Apesar dos obstáculos, há um número cada vez maior de mulheres furiosas com a misoginia e as injustiças. Me impressiona o impulso que o movimento de direitos das mulheres continua a ter na China.
De que maneiras o feminismo está transformando a China?
O movimento já está influenciando o governo chinês, que sabe que precisa ouvir as mulheres jovens de áreas urbanas. Um exemplo foi o caso das universitárias que se mobilizaram China afora exigindo que as instituições de ensino encarassem as denúncias de assédio sexual com seriedade.
Em resposta, o governo anunciou que trabalharia em um novo código civil sobre o assunto e o ministro da Educação divulgou regulamentações sobre como as universidades devem lidar com esses casos.

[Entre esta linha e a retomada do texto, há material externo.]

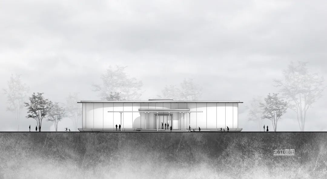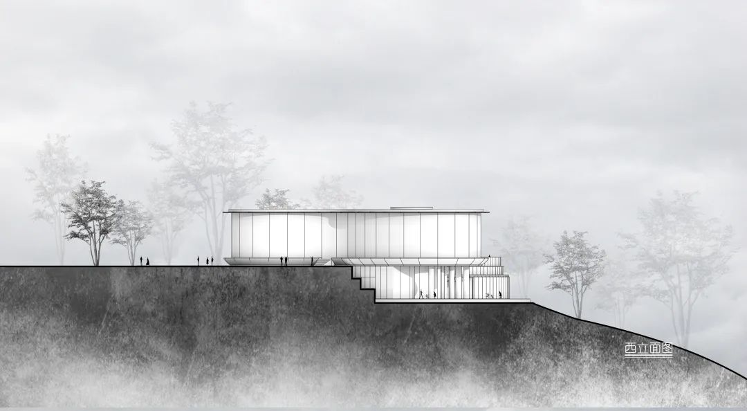 为了不大肆破坏场地原有的环境,将艺术馆分为接待前区和研学营主体两个部分,接待前区采用流线型架空走廊的形式,引导人们在自然山水之间进入研学营,而主体建筑则通过材质的变化轻盈的矗立在山头,从河面往上看,更像那朵在山间的云。

O governo continua perseguindo ativistas individualmente, mas o movimento está sobrevivendo e está crescendo, o que é extraordinário. Sabemos que a China é o regime autoritário mais poderoso do planeta e pode ser brutal. Impossível prever como as coisas irão caminhar no futuro, mas posso dizer que esse movimento dificilmente será extinto.

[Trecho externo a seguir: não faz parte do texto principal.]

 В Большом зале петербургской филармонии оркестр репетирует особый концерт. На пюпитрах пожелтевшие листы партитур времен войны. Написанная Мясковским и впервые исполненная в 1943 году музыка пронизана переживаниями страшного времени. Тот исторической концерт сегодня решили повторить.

Em muitos países, a palavra feminismo e o movimento como um todo enfrentam uma retórica de rejeição. Como é possível reverter esse quadro e mostrar ao mundo a importância da igualdade de gênero?
É um momento perigoso para o feminismo e para as democracias. A opressão das mulheres é uma peça central do autoritarismo em todo o mundo, mas pouca atenção é dada ao levante das mulheres contra governos autocráticos.
Escrevo sobre a resistência do feminismo não só no maior regime autoritário do mundo, a China, mas em vários países. O que estamos vendo é que as democracias estão sendo ameaçadas por autocratas misóginos, como Donald Trump (Estados Unidos), Jair Bolsonaro (Brasil) e Vladimir Putin (Rússia).
Acho que é importante apoiar os direitos das mulheres e o ativismo feminista. Quando as ativistas conseguem se organizar em torno das questões que as afetam, como violência sexual e direitos reprodutivos, até mesmo o todo poderoso Partido Comunista da China, que é dominado por homens, luta para tentar esmagar o movimento. Acho que essas mulheres são uma inspiração para todo o mundo.